- Developer: Hudson Soft
- Publisher: Hudson Soft
- Series: Bomberman
- Platforms: DSiWare
- Release: JP: October 7, 2009; PAL: November 6, 2009; NA: November 9, 2009;
- Genre: Action
- Modes: Single-player, multiplayer

= Bomberman Blitz =

2009 video game

Bomberman Blitz (Note: Known in Japan as Anytime Bomberman (いつでもボンバーマン, Itsudemo Bonbāman)) is a DSiWare game developed by Hudson Soft for the Nintendo DSi. It was released on October 7, 2009, in Japan, and in November of the same year in Europe and North America. The game was available for the Nintendo 3DS via the Nintendo eShop until the shop's closure in March 2023.

==Gameplay==
As in other Bomberman games, the player drops bombs in attempt to eliminate other characters by having them be caught in the blast radius. There are also power-ups that give additional abilities, such as being able to pick up and throw bombs off-screen, or increases in character speed or bomb size.

The game has 10 stages to select from, each with unique features.

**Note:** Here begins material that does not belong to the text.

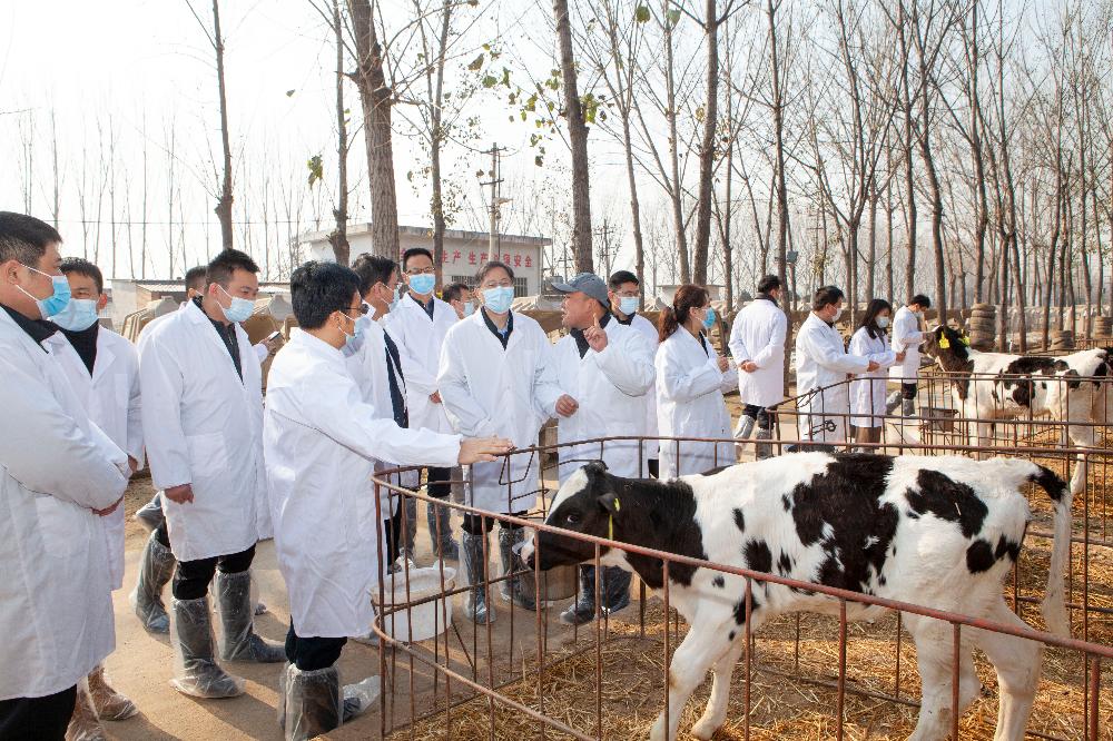 邵雪奎、楊瑞學一行在草灘集團華陰奶牛養殖基地,參觀了胚胎實驗室、擠奶廳、犢牛島、泌乳牛牛棚,實地了解草灘集團牧業發展、基地建設等方面成果,并就打造綜合性產業基地園區的規劃設想深入交換意見。
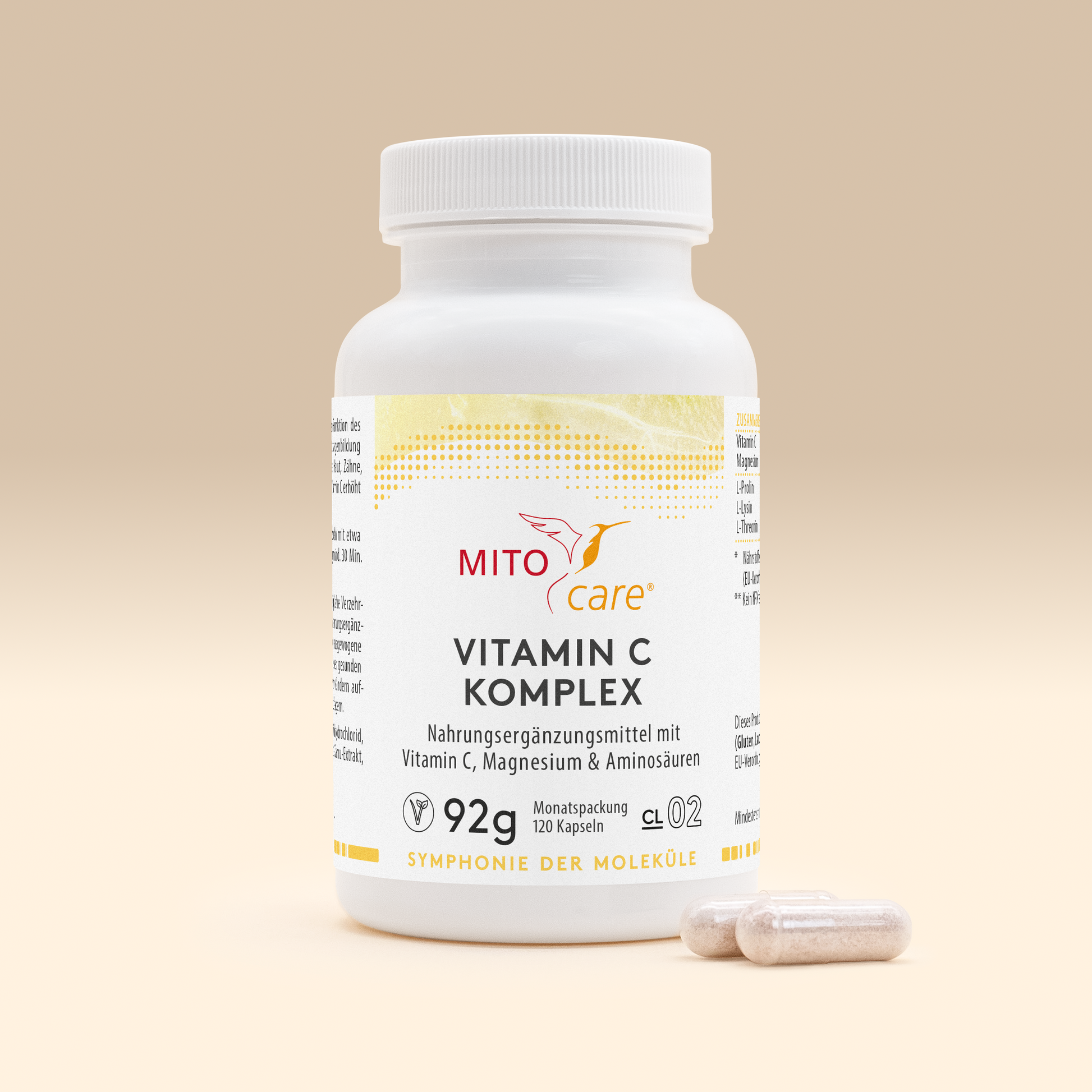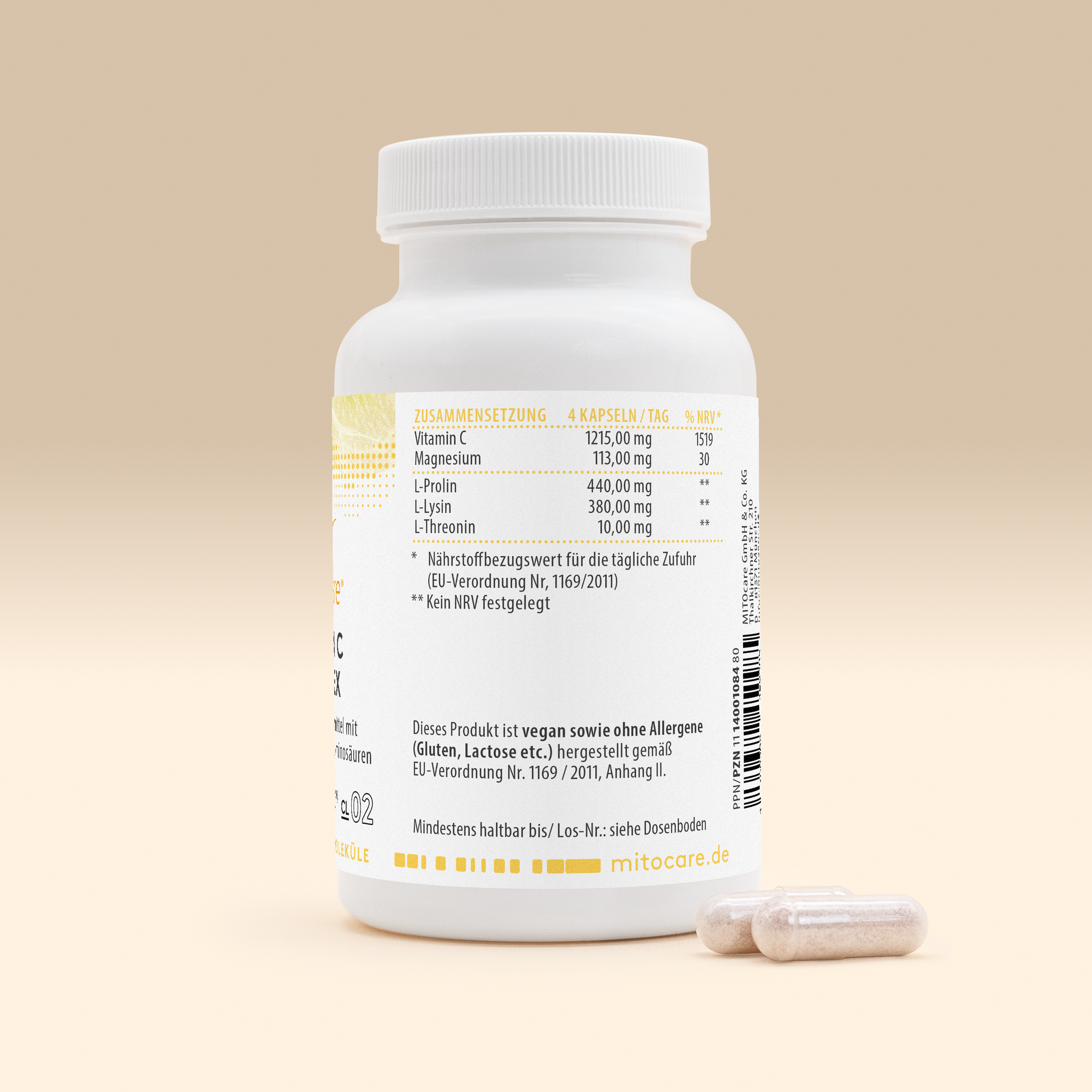 For our Vitamin C Complex, we use only valuable nutrients and plant extracts – compressed in a vegan capsule shell made of pullulan. We consciously avoid unnecessary fillers and additives.

The game also features a mode called Bomberman For Beginners where a player may learn the basic movements and strategies, and then later the more advanced along with combat.

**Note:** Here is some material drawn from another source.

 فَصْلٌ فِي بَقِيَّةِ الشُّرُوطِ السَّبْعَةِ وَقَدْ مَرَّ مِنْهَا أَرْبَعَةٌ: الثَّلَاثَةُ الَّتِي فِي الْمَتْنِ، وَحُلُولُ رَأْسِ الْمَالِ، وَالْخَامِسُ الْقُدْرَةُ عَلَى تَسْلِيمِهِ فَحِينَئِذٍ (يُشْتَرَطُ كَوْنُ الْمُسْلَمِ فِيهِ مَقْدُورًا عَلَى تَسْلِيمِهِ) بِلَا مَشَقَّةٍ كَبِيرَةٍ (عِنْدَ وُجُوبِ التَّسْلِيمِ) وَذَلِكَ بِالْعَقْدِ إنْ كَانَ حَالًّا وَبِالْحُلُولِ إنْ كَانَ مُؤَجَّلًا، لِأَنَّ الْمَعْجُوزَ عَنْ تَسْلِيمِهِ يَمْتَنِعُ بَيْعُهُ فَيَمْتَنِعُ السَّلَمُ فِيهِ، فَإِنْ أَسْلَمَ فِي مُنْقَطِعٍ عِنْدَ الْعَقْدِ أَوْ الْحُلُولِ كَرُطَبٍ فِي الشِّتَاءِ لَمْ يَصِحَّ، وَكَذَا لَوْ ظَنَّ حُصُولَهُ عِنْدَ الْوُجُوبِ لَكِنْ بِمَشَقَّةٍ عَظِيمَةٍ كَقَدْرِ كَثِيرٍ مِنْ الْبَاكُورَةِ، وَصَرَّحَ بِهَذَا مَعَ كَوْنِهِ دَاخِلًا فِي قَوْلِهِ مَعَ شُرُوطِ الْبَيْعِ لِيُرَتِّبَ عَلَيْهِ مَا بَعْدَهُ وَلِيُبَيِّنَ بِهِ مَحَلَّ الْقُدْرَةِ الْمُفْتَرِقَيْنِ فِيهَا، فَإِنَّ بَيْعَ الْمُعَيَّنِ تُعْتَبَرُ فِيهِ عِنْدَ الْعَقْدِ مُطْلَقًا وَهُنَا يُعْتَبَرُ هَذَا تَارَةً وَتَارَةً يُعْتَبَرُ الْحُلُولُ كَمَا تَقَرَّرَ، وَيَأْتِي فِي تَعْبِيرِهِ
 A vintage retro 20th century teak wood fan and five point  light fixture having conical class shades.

Multiplayer was available both locally and over the internet with Nintendo Wi-Fi Connection but online multiplayer and online leaderboards are no longer usable because Nintendo Wi-Fi Connection services were shut down in May 2014. Eight players can play simultaneously locally, while only four could online. Like all Nintendo DS games, a Friend Code needed to be exchanged between two players if players wanted to play with other specific players.